Syrup Markuisa, Roti / Bika Ambon, dll

Kelurahan sei kera hilir sendiri merupakan areal perkotaan yang juga masih banyak dijumpai pekerja anak. Pekerja anak disini bervariasi namun kebanyakan dari mereka bekerja di sektor informal.Pekerjaan informal yang dilakukan anak-anak meliputi beragam kegiatan. Banyak kegiatantersebut berlangsung di jalanan dan anak yang disuruh mengerjakannya hanya dibekali denganperlengkapan minim, misalnya, pekerjaan mengangkut beban. Beberapa jenis pekerjaan informal yang dilakukan anak-anak dapatdianggap sebagai pekerjaan mencari uang secara mandiri (“self-employment”), Sebagaian dari mereka bekerja ,membantu mobil menyebrang di persimpangan, pelayan restoran menjadi petugas kebersihan dan ada pula yang bekerja sebagai penjahit. Sebagian dari mereka ada yang sudah putus sekolah namun ada juga yang membagi waktunya antara sekolah dan bekerja.

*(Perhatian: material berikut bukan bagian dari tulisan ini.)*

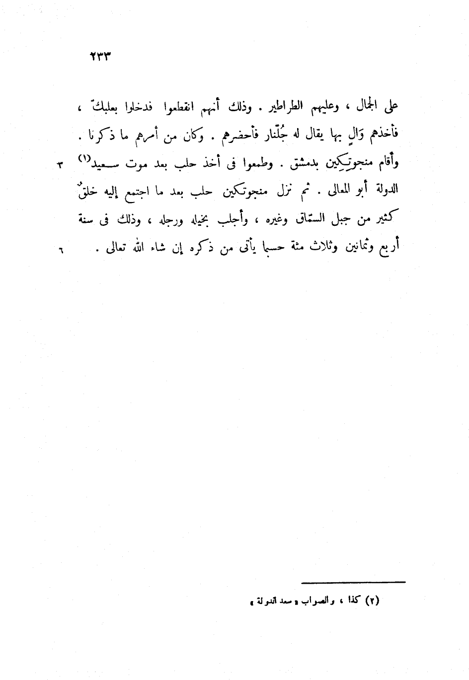 وأقام منجوتكين بدمشق. وطمعوا فى أخذ حلب بعد موت سعيد الدولة أبو المعالى. ثم نزل منجوتكين حلب بعد ما اجتمع إليه خلق كثير من جبل السمّاق وغيره، وأجلب بخيله ورجله، وذلك فى سنة أربع وثمانين وثلاث مئة حسبما يأتى من ذكره إن شاء الله تعالى.
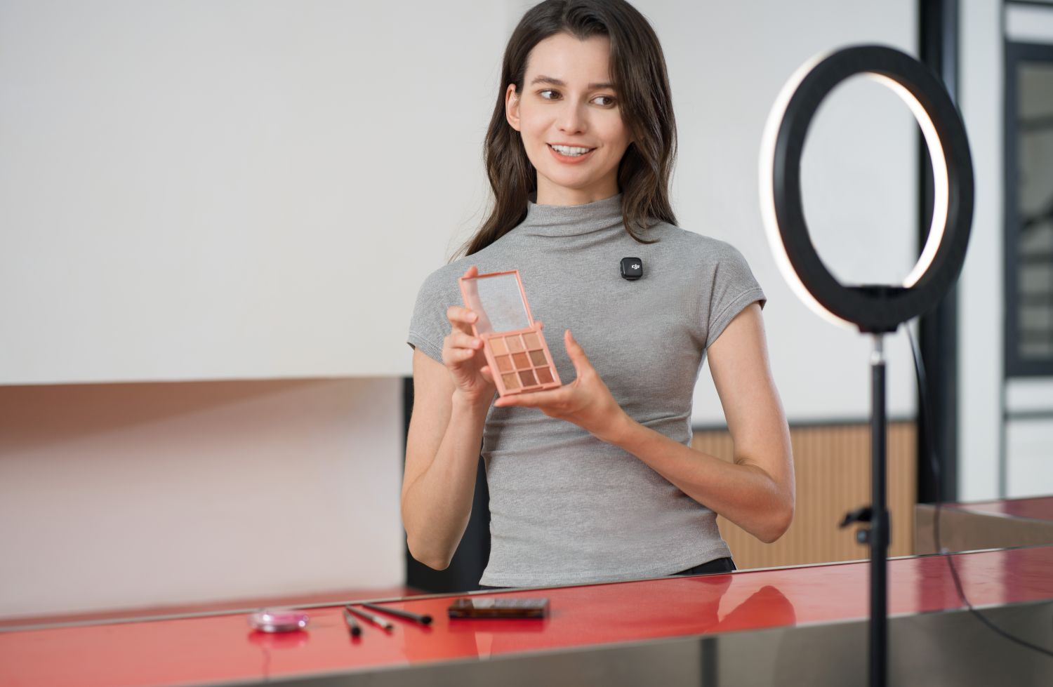 Der DJI Mic Mini Sender ist klein und ultraleicht, mit einem Gewicht von nur 10 g, [5] was ihn angenehm zu tragen und unauffällig macht. Dank der verschiedenen Trageoptionen wie der Magnet- oder Clipbefestigung beschwert es deinen Kragen nicht und kippt auch bei einem dünnen T-Shirt nicht nach außen, was für ein ästhetisches Erscheinungsbild vor der Kamera sorgt.

Anak yang bekerja di persimpangan biasanya bekerja membantu kendraan roda 4 untuk menyebrang.kebanyakan dari mereka masih anak anak dan mengharapakn upah 1000-2000 Rupiah per mobil. Anak-anak yang bekerja sebagai pelayan bertugas melayani pembeli, mengangkat sisa piring kotor dan membersihkan meja setelah pengunjung selesai makan.Mereka bekerja paruh waktu dimana sebagian dari mereka bekerja sehabis mereka pulang sekolah. Pekerjaan mereka dimulai dari jam 15.00 – 23.00 mengikuti shift kerja selama 8 jam. Pekerjaan ini ternasuk pekerjaan yang melelahkan dimana anak hanya diberikan waktu istirihat makan malam hanya setengah jam selebihnya anak harus bekerja melayani pengunjung dan disini mereka dituntut harus tetap berdiri tanpa duduk terkecuali pada waktu istirahat. Anak juga tidak memiliki waktu untuk belajar dan beristirahat setelah

pulang sekolah seperti anak anak lainya. Mereka selesai bekerja pukul 23.00 dimana keesokan harinya harus berangkat kesekolah pada pagi hari. Hal demikian tentu mengorbankan kesehatan fisik anak dimana tidak ada waktu jeda pada mereka.

Anak yang bekerja menjadi petugas kebersihan biasanya bekerja hal hal menyapu, mengepel dan melakukan kegiatan kebersihan lainya. Lalu ada juga anak yang bekerja sebagai tukang jahit bekerja di salah satu rumah jahit. Dia bekerja menjahit baju dari siang sampai malam.

Dengan melihat kondisi anak anak yang bekerja tersebut yang sangat jauh berbeda dari hak hak yang seharusnya mereka dapat, yang tidak sesuai dengan undang undang kesejahteraan anak untuk itu penulis tertarik menuangkanya dalam bentuk skripsi yang berjudul “Kontribusi anak dalam membantu perekonomian keluarga di Kelurahan Sei Kera Hilir II Kecamatan Medan Perjuangan Kota Medan”.